Abstract
Sphingosine-1-phosphate (S1P) is a key lipid regulator of a variety of cellular responses including cell proliferation and survival, cell migration, and inflammatory reactions. Here, we investigated the effect of S1P receptor activation on immune cell adhesion to endothelial cells under inflammatory conditions.
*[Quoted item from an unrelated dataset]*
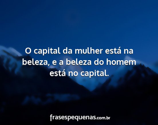 O capital da mulher está na beleza, e a beleza do homem está no capital.

We show that S1P reduces both tumor necrosis factor (TNF)-α- and lipopolysaccharide (LPS)-stimulated adhesion of Jurkat and U937 cells to an endothelial monolayer. The reducing effect of S1P was reversed by the S1P1+3 antagonist VPC23019 but not by the S1P1 antagonist W146. Additionally, knockdown of S1P3, but not S1P1, by short hairpin RNA (shRNA) abolished the reducing effect of S1P, suggesting the involvement of S1P3. A suppression of immune cell adhesion was also seen with the immunomodulatory drug FTY720 and two novel butterfly derivatives ST-968 and ST-1071. On the molecular level, S1P and all FTY720 derivatives reduced the mRNA expression of LPS- and TNF-α-induced adhesion molecules including ICAM-1, VCAM-1, E-selectin, and CD44 which was reversed by the PI3K inhibitor LY294002, but not by the MEK inhibitor U0126.
In summary, our data demonstrate a novel molecular mechanism by which S1P, FTY720, and two novel butterfly derivatives acted anti-inflammatory that is by suppressing gene transcription of various endothelial adhesion molecules and thereby preventing adhesion of immune cells to endothelial cells and subsequent extravasation.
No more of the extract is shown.